■ RECORDS SUPPLIED:
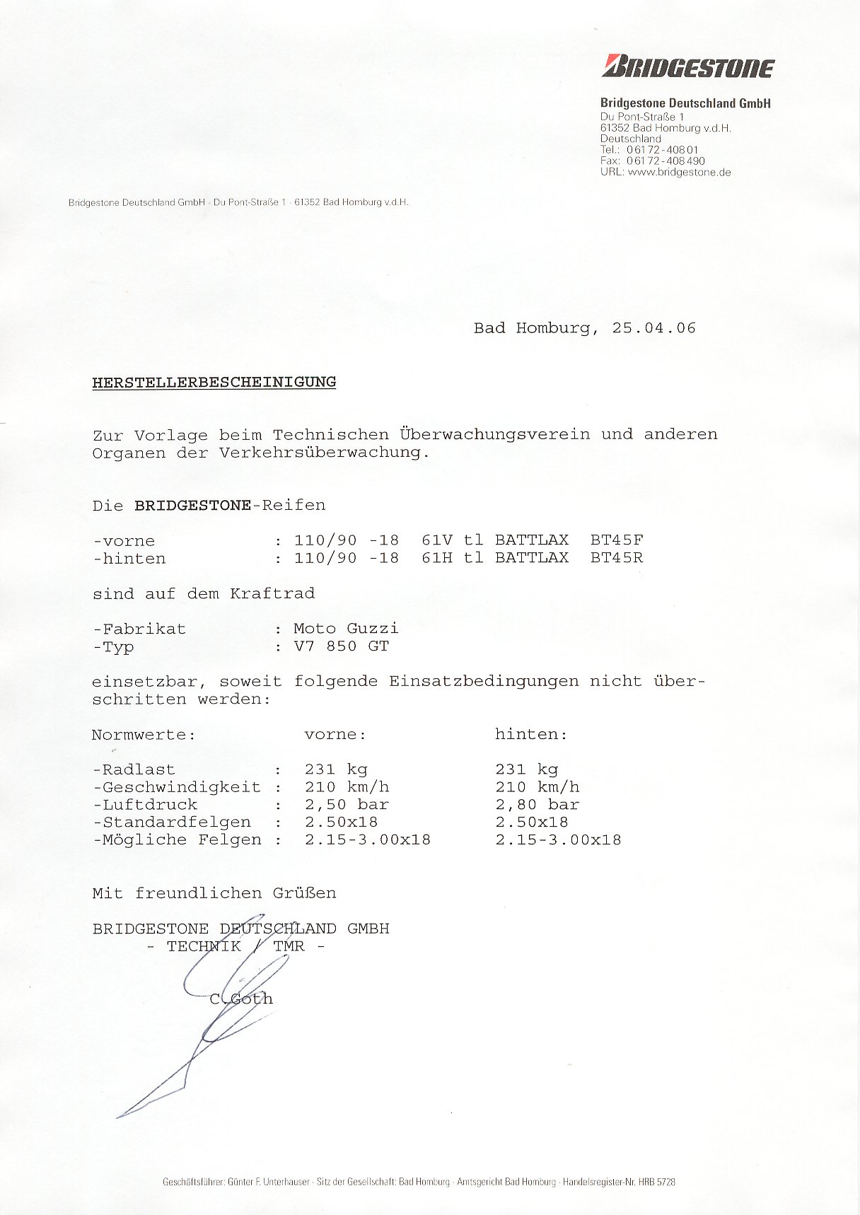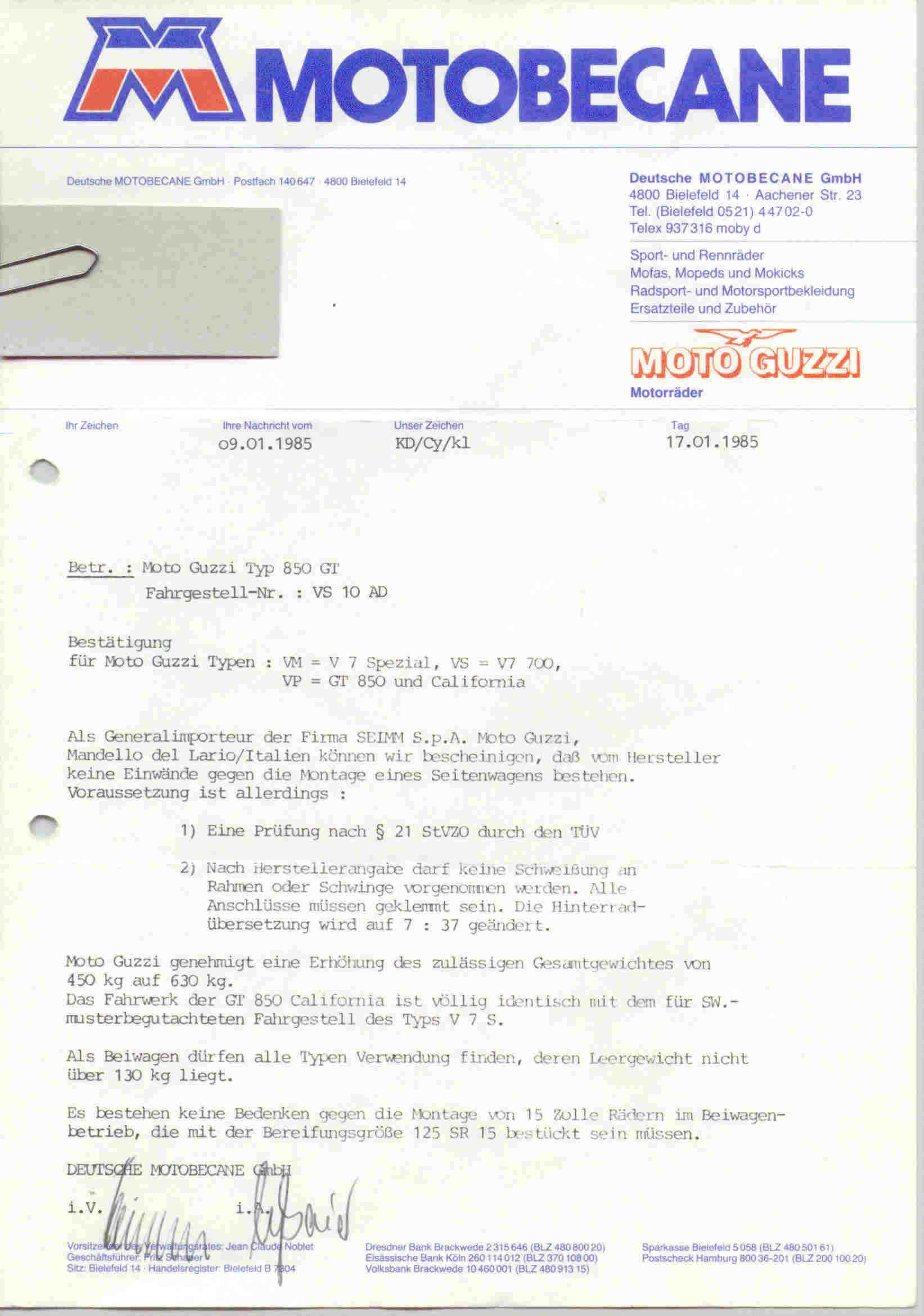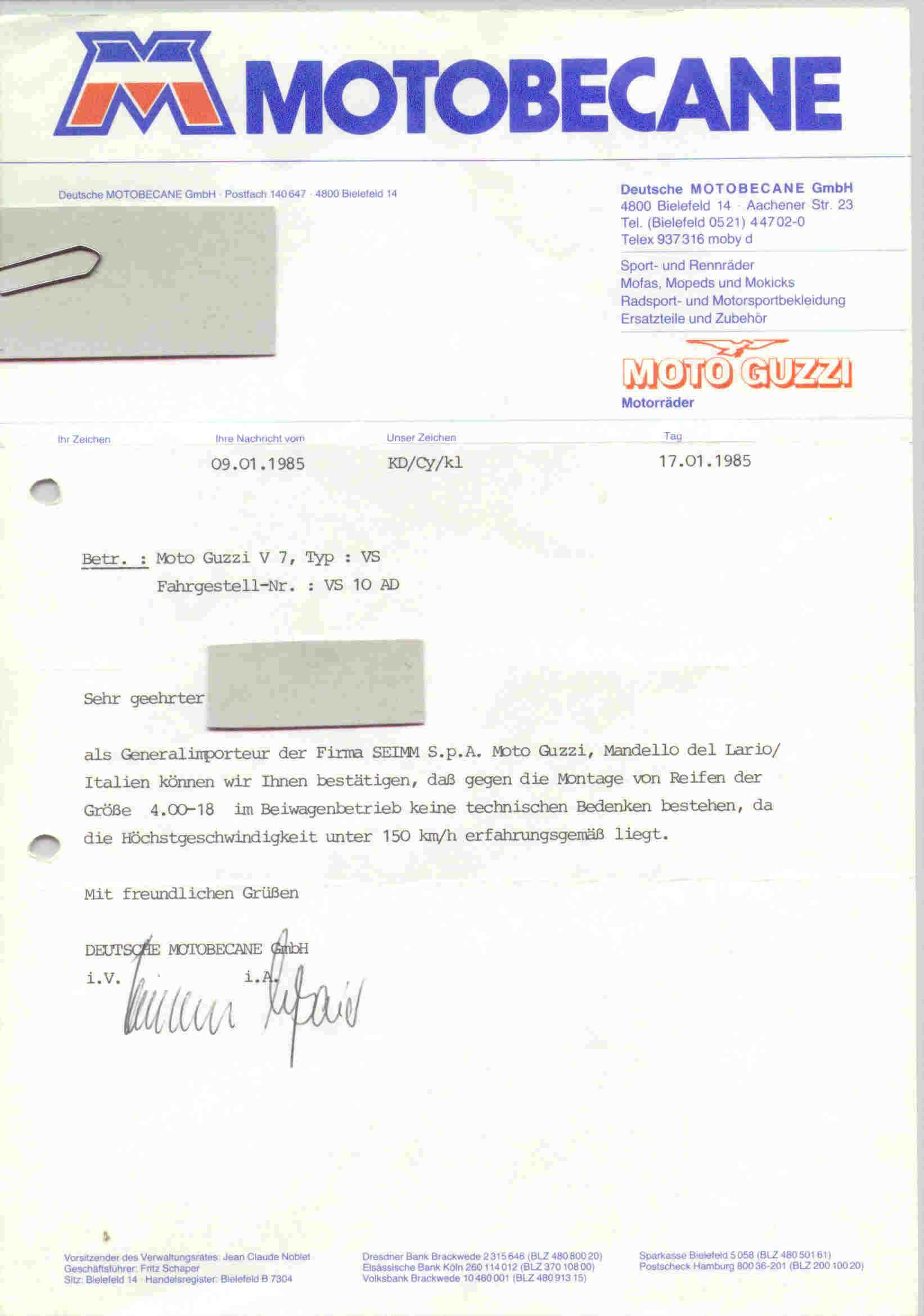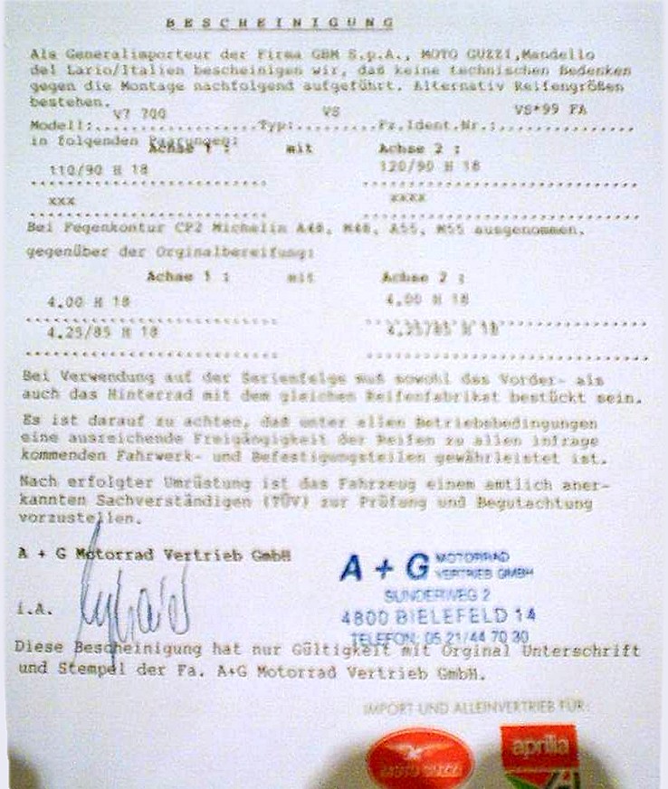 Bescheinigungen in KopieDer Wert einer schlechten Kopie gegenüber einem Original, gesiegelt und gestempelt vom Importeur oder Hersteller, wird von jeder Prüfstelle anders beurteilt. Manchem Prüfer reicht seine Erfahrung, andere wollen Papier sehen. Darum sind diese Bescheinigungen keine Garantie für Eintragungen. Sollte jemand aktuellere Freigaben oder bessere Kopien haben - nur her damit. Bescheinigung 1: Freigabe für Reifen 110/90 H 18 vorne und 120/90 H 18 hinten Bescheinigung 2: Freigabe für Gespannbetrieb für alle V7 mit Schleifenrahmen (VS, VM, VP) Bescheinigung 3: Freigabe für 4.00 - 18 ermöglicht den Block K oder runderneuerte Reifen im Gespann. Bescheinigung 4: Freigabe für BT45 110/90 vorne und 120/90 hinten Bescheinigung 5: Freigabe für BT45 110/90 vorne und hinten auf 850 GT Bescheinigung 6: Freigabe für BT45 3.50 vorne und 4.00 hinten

--

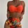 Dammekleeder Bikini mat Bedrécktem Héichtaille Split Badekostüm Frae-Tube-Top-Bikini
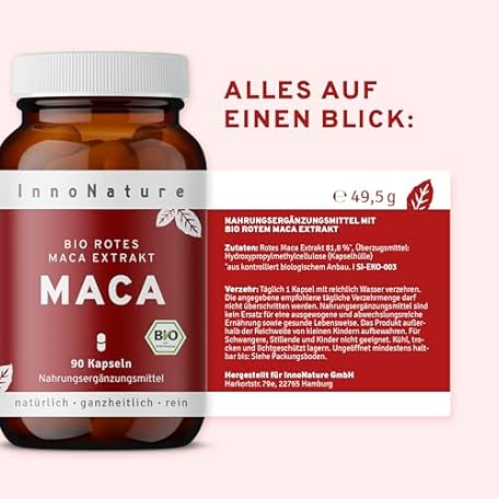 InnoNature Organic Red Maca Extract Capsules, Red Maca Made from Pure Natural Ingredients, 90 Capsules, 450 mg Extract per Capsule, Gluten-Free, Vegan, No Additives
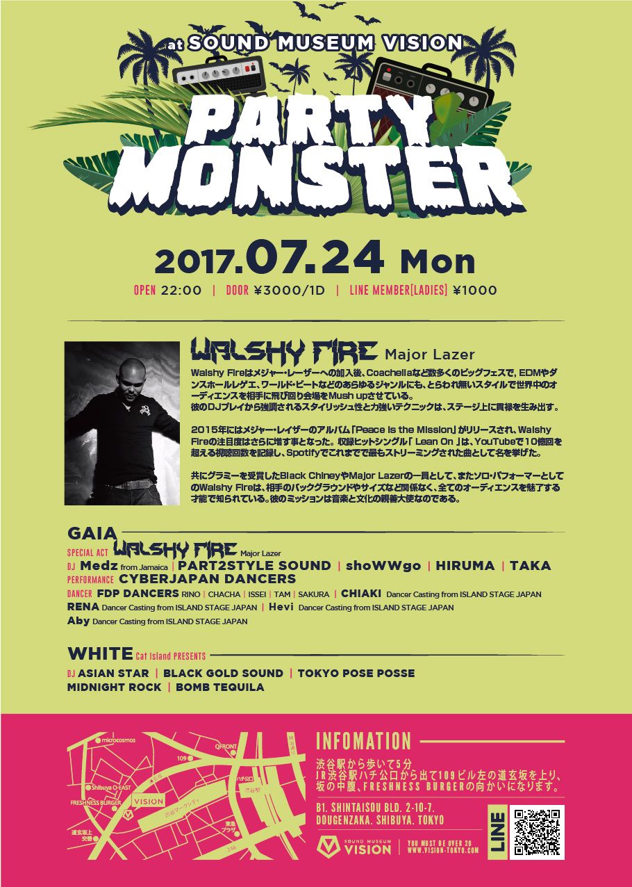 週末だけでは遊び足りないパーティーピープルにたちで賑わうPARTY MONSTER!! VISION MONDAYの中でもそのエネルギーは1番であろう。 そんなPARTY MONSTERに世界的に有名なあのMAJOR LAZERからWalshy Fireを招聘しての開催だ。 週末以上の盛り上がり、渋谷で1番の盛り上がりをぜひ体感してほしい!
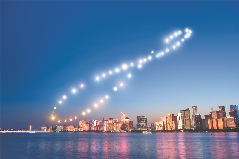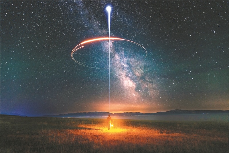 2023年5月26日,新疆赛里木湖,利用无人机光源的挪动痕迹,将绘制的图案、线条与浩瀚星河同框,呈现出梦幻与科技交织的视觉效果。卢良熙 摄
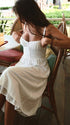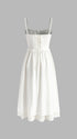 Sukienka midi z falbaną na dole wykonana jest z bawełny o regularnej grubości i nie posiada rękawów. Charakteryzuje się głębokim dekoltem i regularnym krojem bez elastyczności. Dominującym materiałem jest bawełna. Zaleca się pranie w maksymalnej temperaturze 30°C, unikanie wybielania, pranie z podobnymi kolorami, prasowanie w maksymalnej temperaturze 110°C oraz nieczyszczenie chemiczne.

==

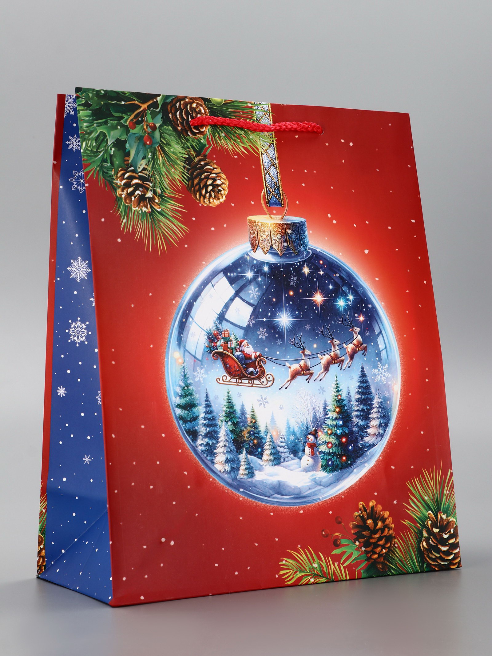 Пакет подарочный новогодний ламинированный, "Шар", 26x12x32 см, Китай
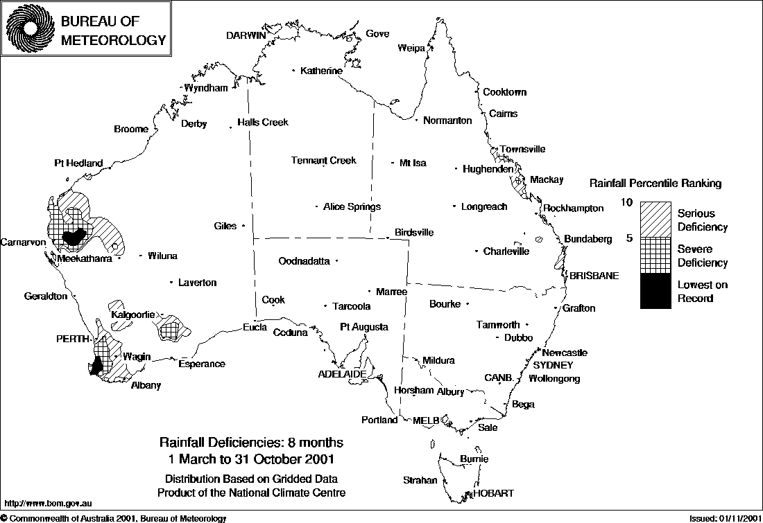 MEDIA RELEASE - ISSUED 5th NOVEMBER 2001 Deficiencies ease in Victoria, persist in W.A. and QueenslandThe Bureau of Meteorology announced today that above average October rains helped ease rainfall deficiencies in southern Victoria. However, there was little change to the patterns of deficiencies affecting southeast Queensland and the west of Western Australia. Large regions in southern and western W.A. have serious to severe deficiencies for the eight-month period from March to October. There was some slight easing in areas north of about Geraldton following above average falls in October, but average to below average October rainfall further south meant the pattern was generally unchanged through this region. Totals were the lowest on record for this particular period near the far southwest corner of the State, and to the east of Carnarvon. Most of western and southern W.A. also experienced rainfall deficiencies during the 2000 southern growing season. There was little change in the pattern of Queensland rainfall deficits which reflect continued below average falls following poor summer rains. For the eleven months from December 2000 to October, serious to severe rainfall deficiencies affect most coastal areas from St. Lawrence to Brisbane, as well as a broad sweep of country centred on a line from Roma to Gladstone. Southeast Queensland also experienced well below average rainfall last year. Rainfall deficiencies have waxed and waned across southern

■ EXERCISE DETAILS:
How would the lines above read from the one with "InnoNature Organic Red" to the one with "Sukienka midi z", inclusive, with no pictures? Write them out exactly.

■ TASK ANSWER:
 InnoNature Organic Red Maca Extract Capsules, Red Maca Made from Pure Natural Ingredients, 90 Capsules, 450 mg Extract per Capsule, Gluten-Free, Vegan, No Additives
 週末だけでは遊び足りないパーティーピープルにたちで賑わうPARTY MONSTER!! VISION MONDAYの中でもそのエネルギーは1番であろう。 そんなPARTY MONSTERに世界的に有名なあのMAJOR LAZERからWalshy Fireを招聘しての開催だ。 週末以上の盛り上がり、渋谷で1番の盛り上がりをぜひ体感してほしい!
 2023年5月26日,新疆赛里木湖,利用无人机光源的挪动痕迹,将绘制的图案、线条与浩瀚星河同框,呈现出梦幻与科技交织的视觉效果。卢良熙 摄
 Sukienka midi z falbaną na dole wykonana jest z bawełny o regularnej grubości i nie posiada rękawów. Charakteryzuje się głębokim dekoltem i regularnym krojem bez elastyczności. Dominującym materiałem jest bawełna. Zaleca się pranie w maksymalnej temperaturze 30°C, unikanie wybielania, pranie z podobnymi kolorami, prasowanie w maksymalnej temperaturze 110°C oraz nieczyszczenie chemiczne.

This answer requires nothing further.